[Records drawn from a dataset]
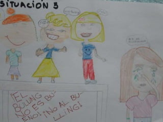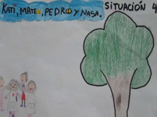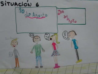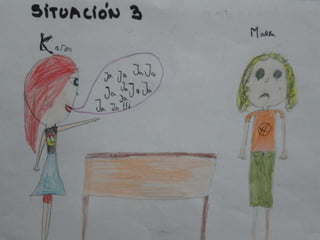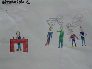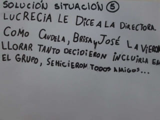 Trabajo realizado por cuarto grado sobre situaciones inteligentes relacionadas con la convivencia escolar.
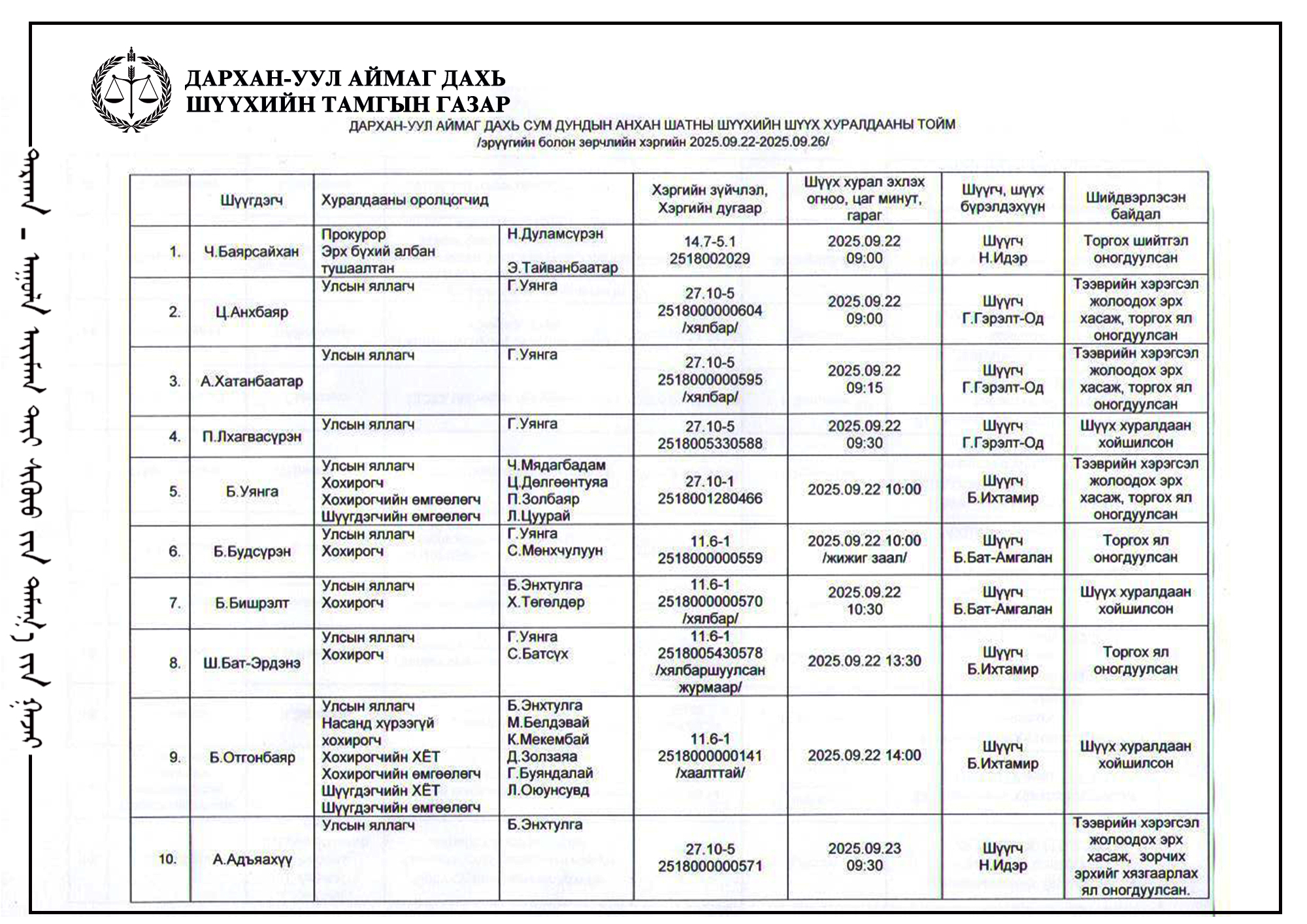 ШҮҮХ ХУРАЛДААНЫ ТОЙМ /Эрүүгийн хэргийн анхан шатны шүүх 2025.09.22-26/
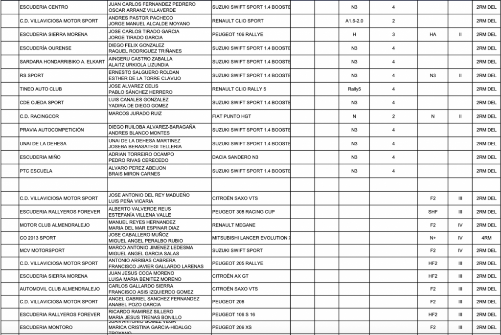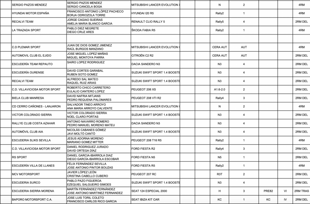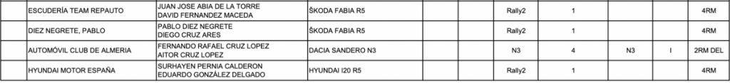 En la lista provisional de inscritos están con unidades R5 Surhayen Pernía, Luis Vilariño, Óscar Palacio, Paco López, Félix Fernández, Pablo Díez, Juan José Abia y Eduard Pons, además de los Suzuki oficiales de Joan Vinyes y Javier Pardo.
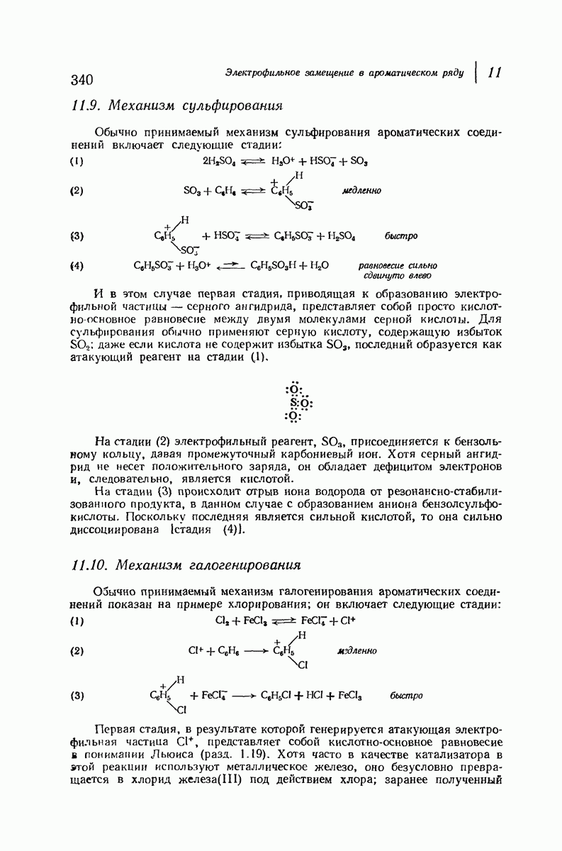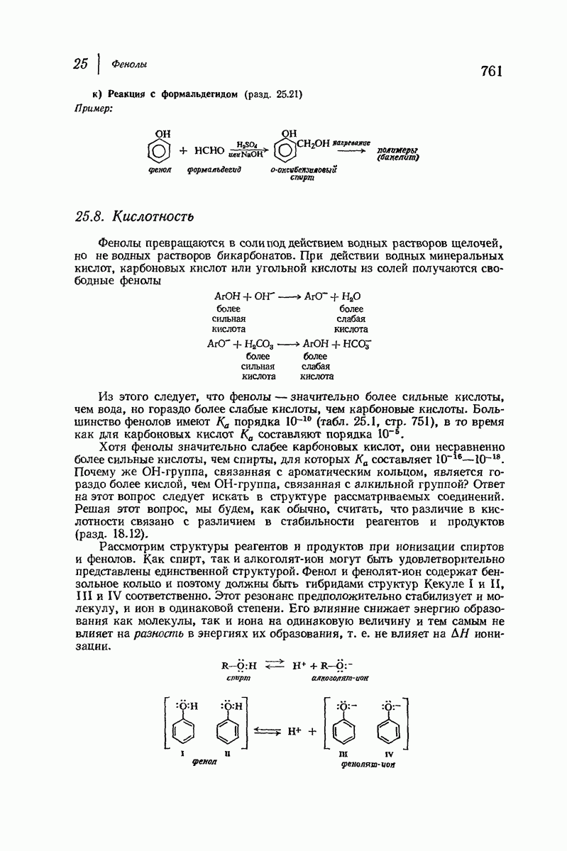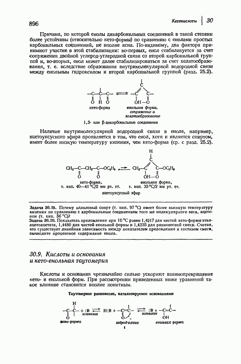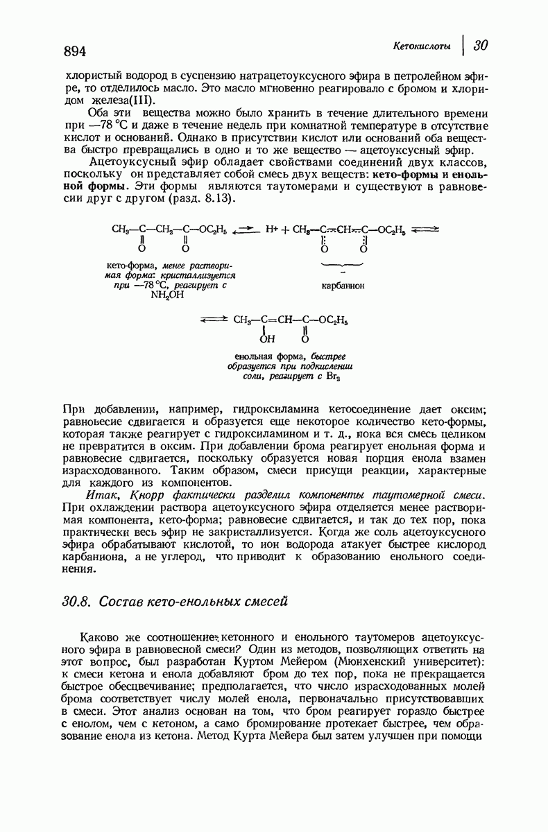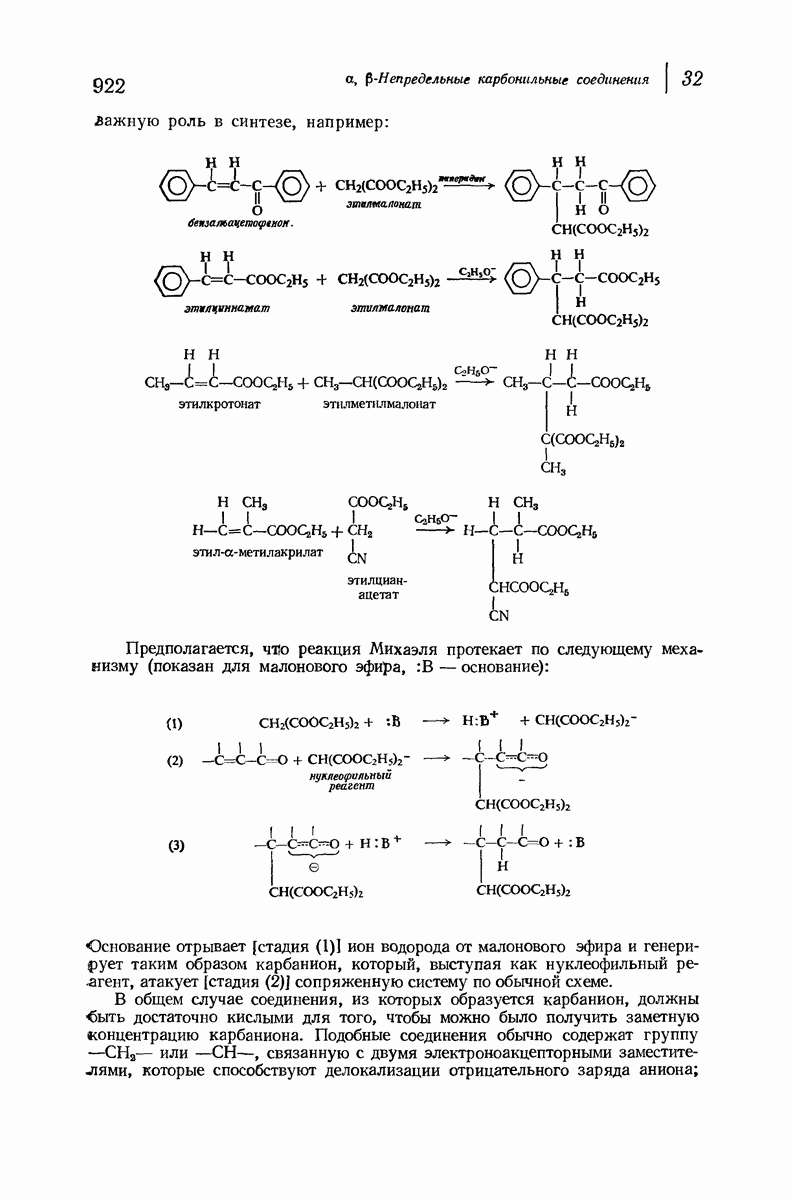 -углеродного атома [стадия (2)] и тем самым завершает енолизацию. Как кислота, так и основание ускоряют лимитирующую стадию (2): основание — непосредственно как один из реагентов, а кислота — косвенно, путем увеличения концентрации другого реагента, протонированного кетона. При использовании сильной минеральной кислоты в водном растворе можно не заметить роли, выполняемой в реакции основанием, поскольку в этих условиях кислотой является
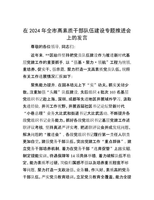 在2024年全市高素质干部队伍建设专题推进会上的发言 2024-12-09 Word模板 82 购买前,请一定要先点击这里看看,欢迎持续关注,精彩模板每天推送 预览结束,本文件为word文档,一共4页,共1562字,请购买后,下载后查看 购买前,请一定要先点击这里看看,欢迎持续关注,精彩模板每天推送 资源下载下载价格29 RMBVIP免费升级VIP点击检测网盘有效后购买有任何充值和下载问题请加微信:xuexixuexi66 0 演讲发言
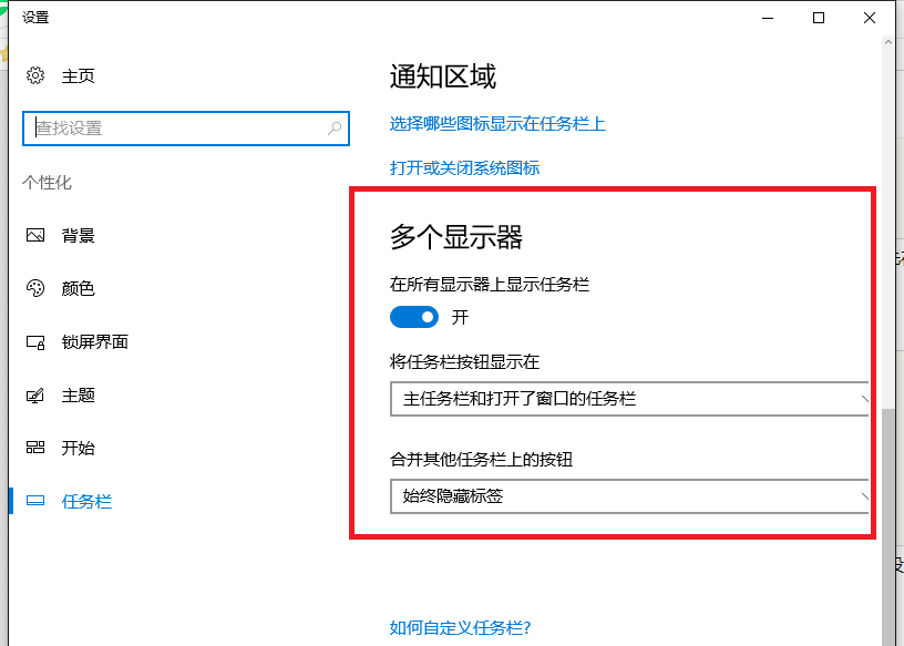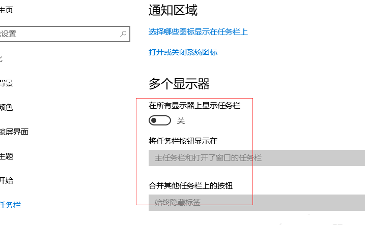 3、鼠标往下拉动滚动框,到达多个显示器项目,“在所有显示器上显示任务栏”处点击关,使得在非显示屏不显示任务栏
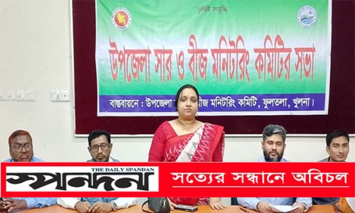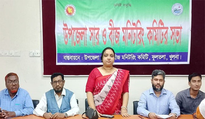 ফুলতলা (খুলনা) প্রতিনিধি: ফুলতলা উপজেলা সার ও বীজ মনিটরিং কমিটির সভা বৃহস্পতিবার বিকেলে উপজেলা কৃষি অফিস মিলনায়তনে অনুষ্ঠিত হয়। সভায় সভাপতিত্ব করেন উপজেলা নির্বাহী অফিসার সুচি রানী সাহা। স্বাগত বক্তৃতা করেন উপজেলা কৃষি অফিসার আরিফ হোসেন। সভায় বক্তৃতা করেন কৃষি সম্প্রসারণ অফিসার শাহ আরিফ শাওন, প্রেসক্লাব সভাপতি শামসুল আলম খোকন, সহকারী কৃষি কর্মকর্তা তায়জুল ইসলাম, উপ-সহকারী কৃষি কর্মকর্তা সাইফুল ইসলাম, সার ডিলার সমিতির সভাপতি শেখ আ. হালিম, সার ডিলার সেলিম, আফছার শেখ, রফিকুজ্জামান রাজু, খন্দকার শাহিনুর রহমান, তবিবুর রহমান ভুঁইয়া লিটন, রুপা খাতুন, মামুন শেখ, গোলাম সরোয়ার প্রমুখ। সভায় নতুন নীতিমালা অনুযায়ী উপজেলার ৪ ইউনিয়নে ১২ সার ডিলার নিয়োগ ও সীমানা নির্ধালনের বিষয় আলোচনা করা হয়। এর পূর্বে উপজেলা নির্বাহী অফিসার সুচি রানী সাহা চাষির মাঝে প্রয়োদনার গম বীজ, সূর্যমুখী ফুলের বীজ ও সার বিতরণ করেন।
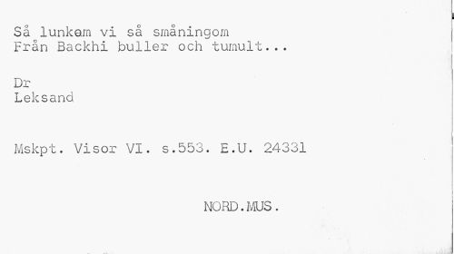 //// i //// Så lunkam vi så småningom Från Backhi buller och tumult... //// Dr //// Leksand //// i //// Mskpt. Visor VI. s.553. E.U. 24331 //// j //// NORD. IvUS. ////

Your assignment:
Output, exactly and without pictures, the lines above that run from the one containing "ফুলতলা (খুলনা) প্রতিনিধি: ফুলতলা" through the last line of the entries, inclusive.

Answer to this task:
 ফুলতলা (খুলনা) প্রতিনিধি: ফুলতলা উপজেলা সার ও বীজ মনিটরিং কমিটির সভা বৃহস্পতিবার বিকেলে উপজেলা কৃষি অফিস মিলনায়তনে অনুষ্ঠিত হয়। সভায় সভাপতিত্ব করেন উপজেলা নির্বাহী অফিসার সুচি রানী সাহা। স্বাগত বক্তৃতা করেন উপজেলা কৃষি অফিসার আরিফ হোসেন। সভায় বক্তৃতা করেন কৃষি সম্প্রসারণ অফিসার শাহ আরিফ শাওন, প্রেসক্লাব সভাপতি শামসুল আলম খোকন, সহকারী কৃষি কর্মকর্তা তায়জুল ইসলাম, উপ-সহকারী কৃষি কর্মকর্তা সাইফুল ইসলাম, সার ডিলার সমিতির সভাপতি শেখ আ. হালিম, সার ডিলার সেলিম, আফছার শেখ, রফিকুজ্জামান রাজু, খন্দকার শাহিনুর রহমান, তবিবুর রহমান ভুঁইয়া লিটন, রুপা খাতুন, মামুন শেখ, গোলাম সরোয়ার প্রমুখ। সভায় নতুন নীতিমালা অনুযায়ী উপজেলার ৪ ইউনিয়নে ১২ সার ডিলার নিয়োগ ও সীমানা নির্ধালনের বিষয় আলোচনা করা হয়। এর পূর্বে উপজেলা নির্বাহী অফিসার সুচি রানী সাহা চাষির মাঝে প্রয়োদনার গম বীজ, সূর্যমুখী ফুলের বীজ ও সার বিতরণ করেন।
 //// i //// Så lunkam vi så småningom Från Backhi buller och tumult... //// Dr //// Leksand //// i //// Mskpt. Visor VI. s.553. E.U. 24331 //// j //// NORD. IvUS. ////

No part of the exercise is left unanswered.